Data section —
——

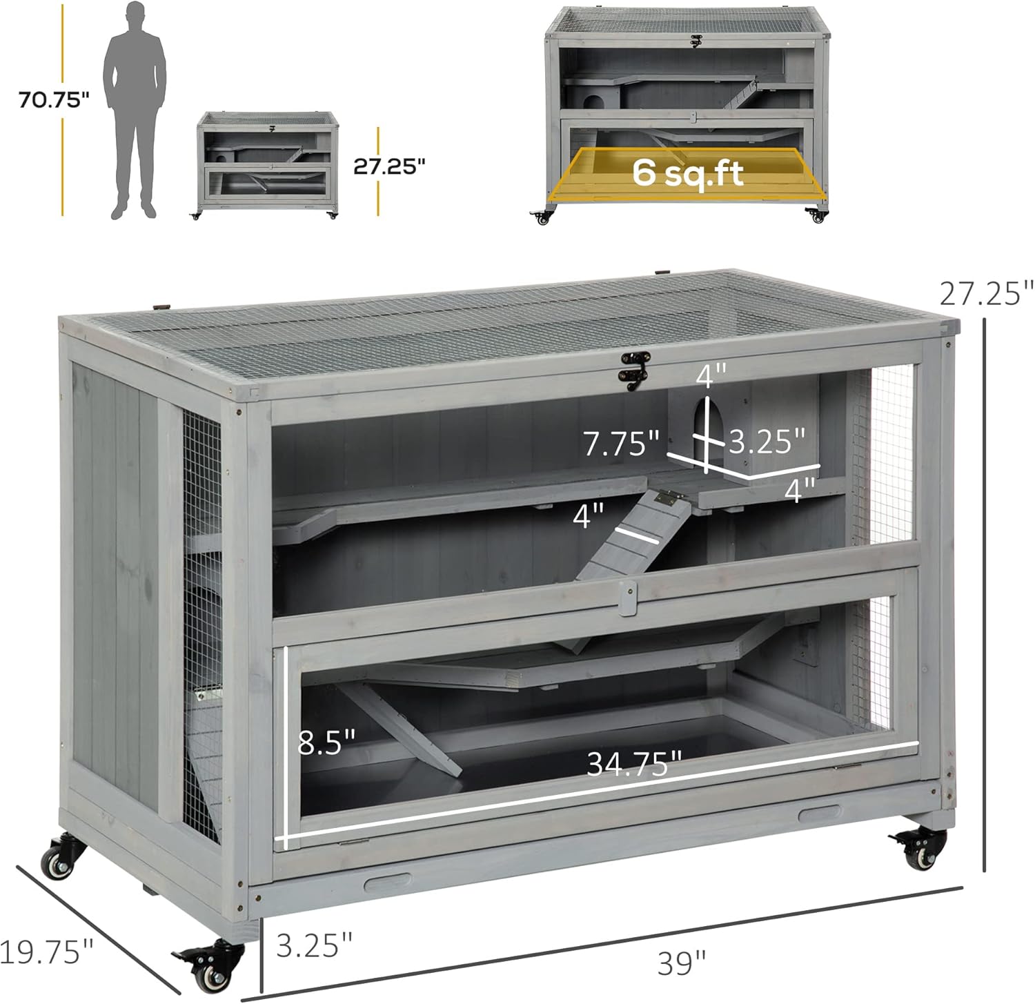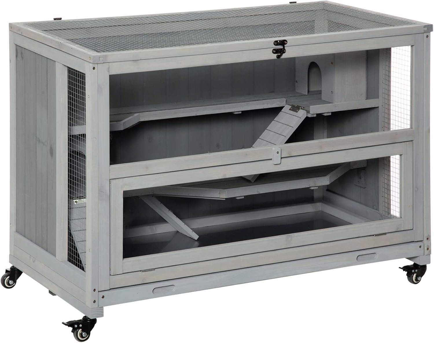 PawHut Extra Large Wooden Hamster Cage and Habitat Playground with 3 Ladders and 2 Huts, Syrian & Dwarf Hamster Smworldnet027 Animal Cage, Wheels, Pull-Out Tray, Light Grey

——

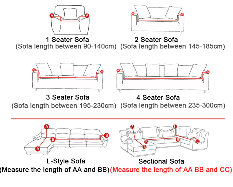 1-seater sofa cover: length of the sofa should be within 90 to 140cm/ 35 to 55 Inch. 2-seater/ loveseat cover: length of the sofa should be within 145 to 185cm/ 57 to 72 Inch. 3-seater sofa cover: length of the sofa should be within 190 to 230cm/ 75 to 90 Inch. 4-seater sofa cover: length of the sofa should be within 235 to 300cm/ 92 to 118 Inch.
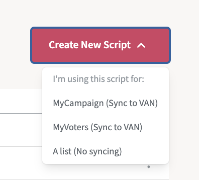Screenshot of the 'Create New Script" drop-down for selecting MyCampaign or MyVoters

——

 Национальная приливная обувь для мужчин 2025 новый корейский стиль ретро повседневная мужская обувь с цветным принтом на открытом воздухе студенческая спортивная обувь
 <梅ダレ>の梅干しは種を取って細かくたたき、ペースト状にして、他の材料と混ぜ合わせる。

——

Problem to work on — Looking at the data above, write out exactly the lines that start at the one containing "Национальная приливная обувь" and end at the one containing "<梅ダレ>の梅干しは種を取っ"; include both and nothing beyond.

Solution to this problem —
 Национальная приливная обувь для мужчин 2025 новый корейский стиль ретро повседневная мужская обувь с цветным принтом на открытом воздухе студенческая спортивная обувь
 <梅ダレ>の梅干しは種を取って細かくたたき、ペースト状にして、他の材料と混ぜ合わせる。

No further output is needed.